**Exercise directions:** Among the lines below, the one containing "Швейцарский часовой бренд" opens the range and the one containing "Si lo preparamos" closes it. Print that range exactly, without the pictures.

**Data:**
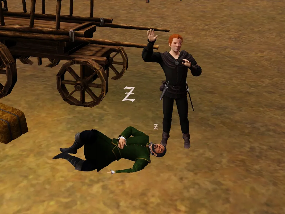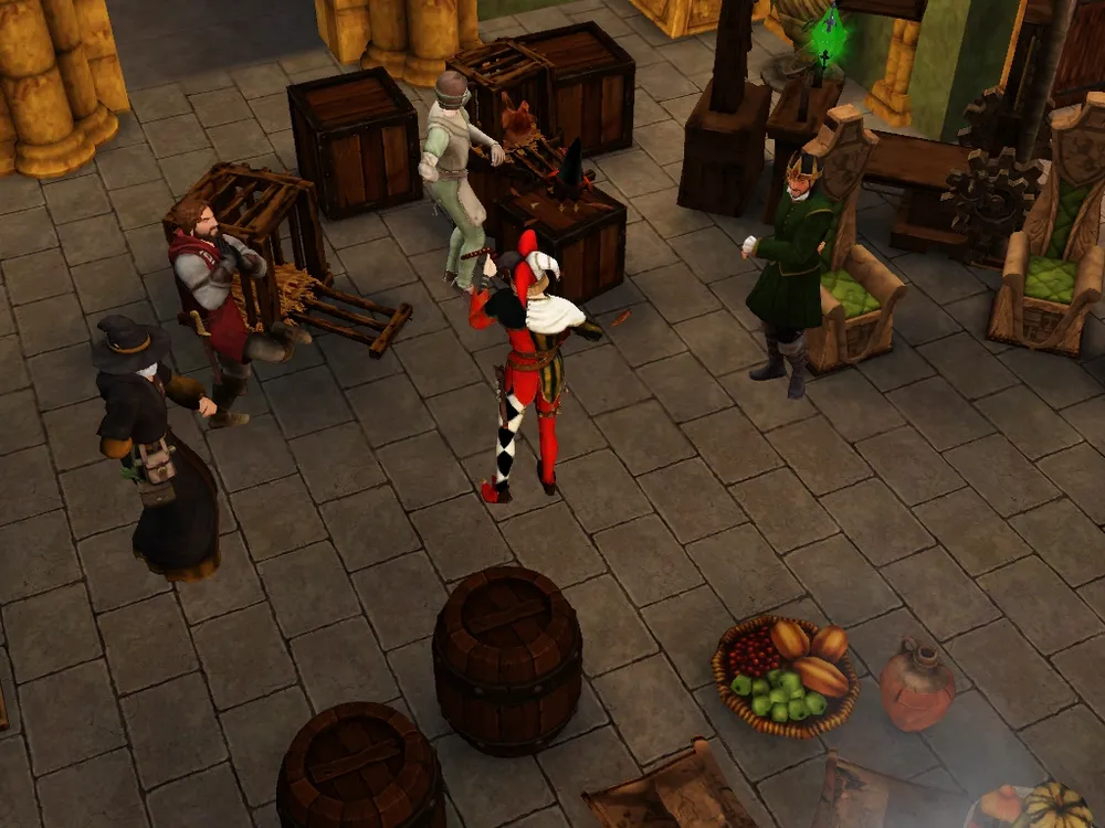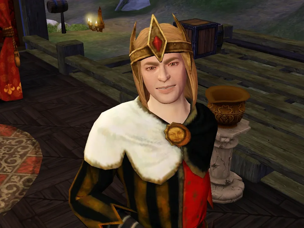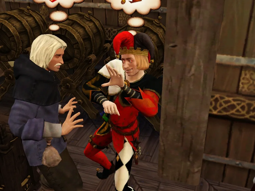 - Эээ, не бери в голову… Хитрые твари, от них всего можно ожидать, знаешь ли. Так, а ещё я, вроде бы («я уже ни в чём не уверен»), вчера женился. Так где же моя, простите, жена? И начинайте поиски шута и короны. Я слегка не в курсе условий управления королевством («я вообще сейчас ничего не понимаю!»), однако, сдаётся мне, корона является одним из необходимых атрибутов и сейчас я, пусть и временно, не король! Вчера перед празднованием оставил её в замке, чтобы, чёрт меня побери, «не потерять»! Шпион, бегом на поиски! Старик, ты знаешь, куда делся шут?!
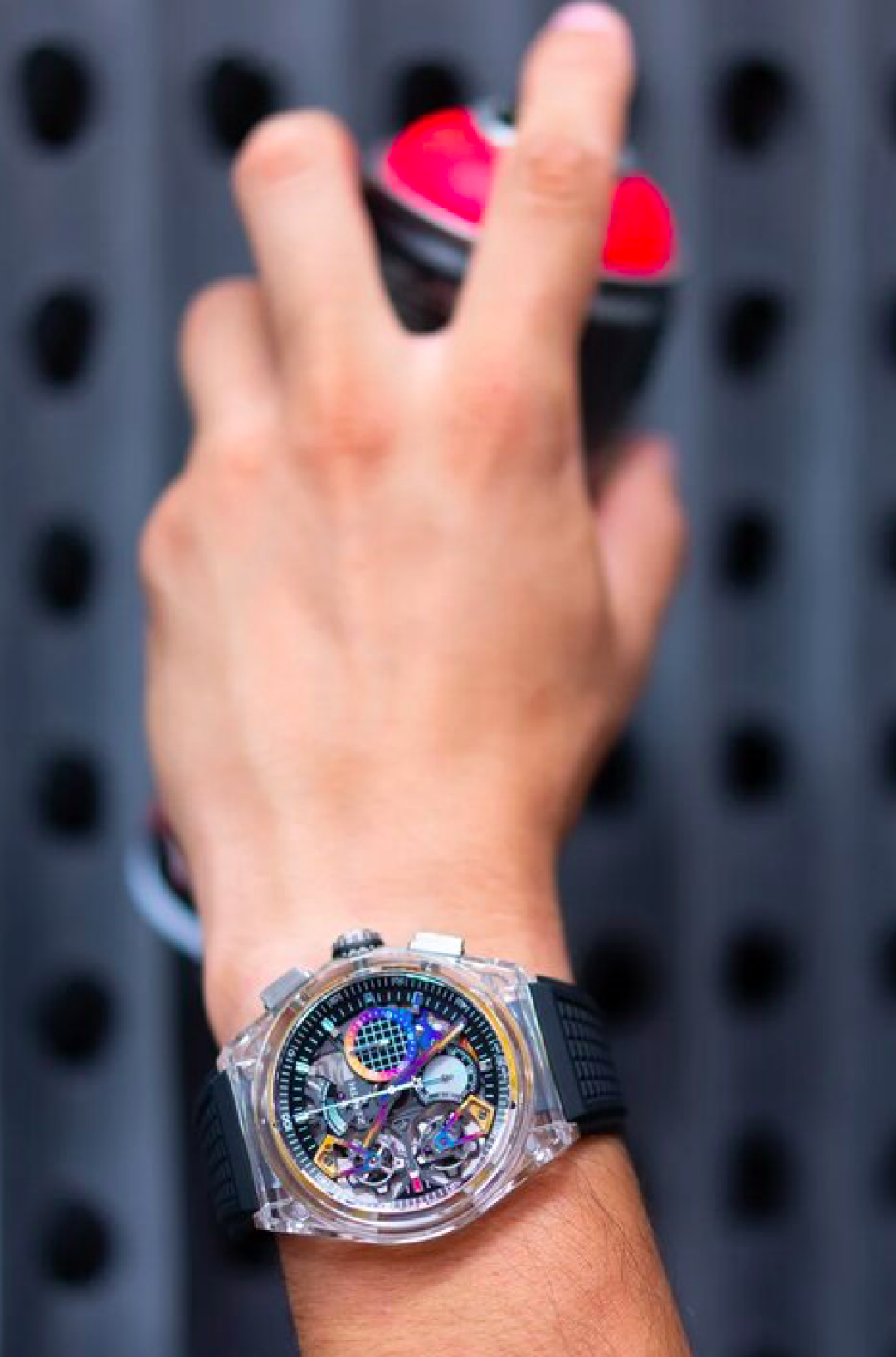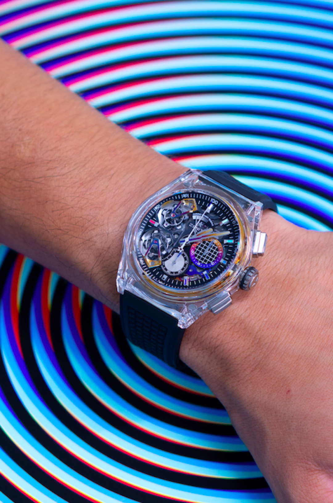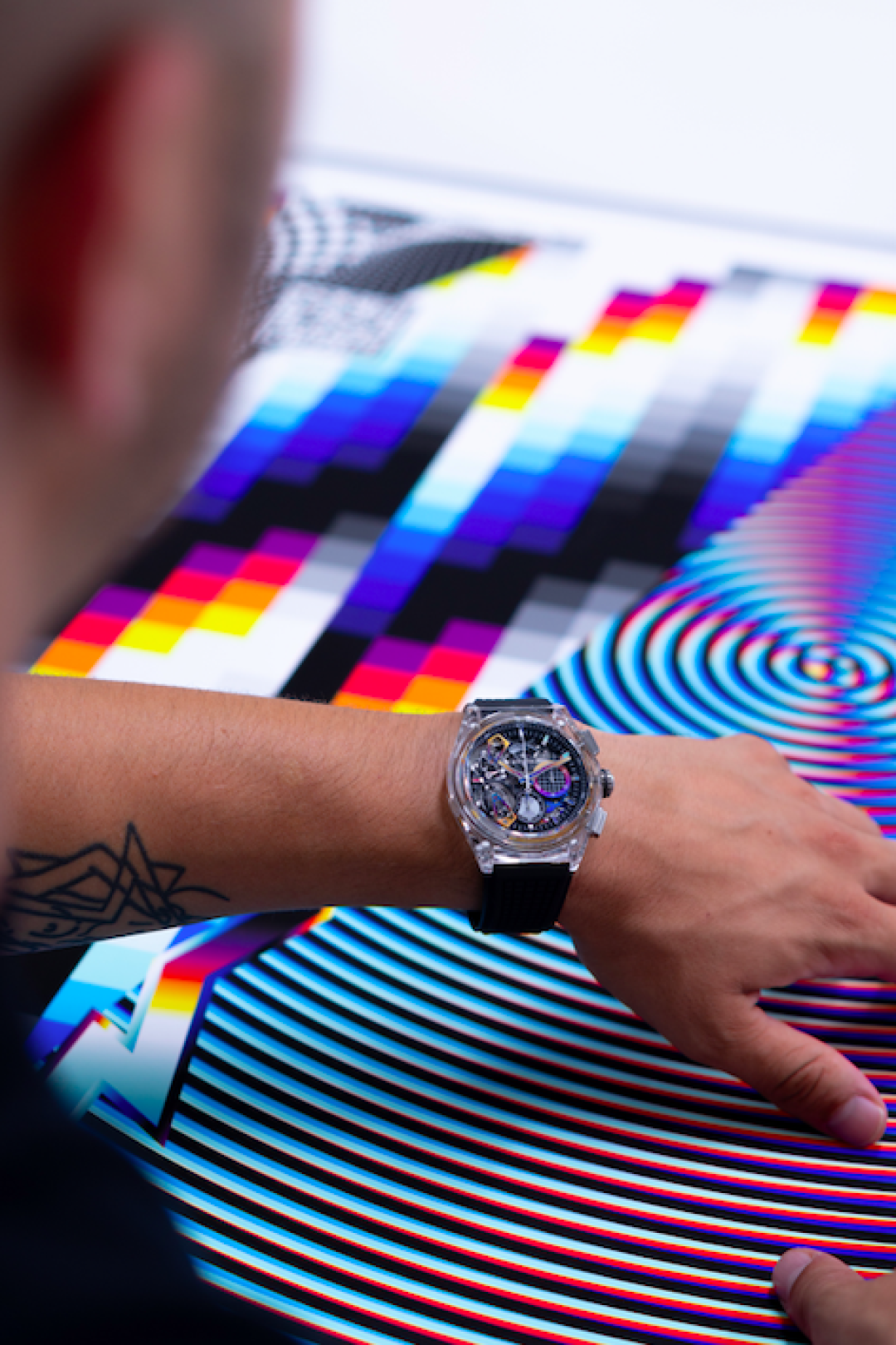 Швейцарский часовой бренд и оптический художник Фелипе Пантоне создали уникальные часы — DEFY 21 Double Tourbillon. При работе над ними впервые было использовано инновационное трехмерное PVD-покрытие — обработка частицами кремния механизма хронографа и его обратной стороны, которая гарантирует идеальные цветовые переходы. Модель представлена в единственном экземпляре.
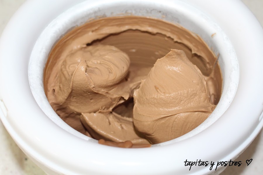 Si lo preparamos con heladera, metemos la mezcla fría y dejamos que se vaya mantecando durante unos 45 minutos. según vuestra máquina. La mía a los 40 minutos, ya estaba así. Recordad, que la cuneta de la heladera debe estar al menos 24 horas en el congelador.
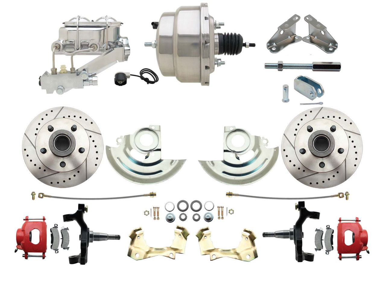 - DBK6472DLXR-GM-311 - 1964-1972 GM A Body Front Power 2" Drop Disc Brake Conversion Kit Drilled & Slotted & Powder Coated Red Calipers Rotors w/ 8" Dual Chrome Booster Kit

**Answer to this exercise:**
 Швейцарский часовой бренд и оптический художник Фелипе Пантоне создали уникальные часы — DEFY 21 Double Tourbillon. При работе над ними впервые было использовано инновационное трехмерное PVD-покрытие — обработка частицами кремния механизма хронографа и его обратной стороны, которая гарантирует идеальные цветовые переходы. Модель представлена в единственном экземпляре.
 Si lo preparamos con heladera, metemos la mezcla fría y dejamos que se vaya mantecando durante unos 45 minutos. según vuestra máquina. La mía a los 40 minutos, ya estaba así. Recordad, que la cuneta de la heladera debe estar al menos 24 horas en el congelador.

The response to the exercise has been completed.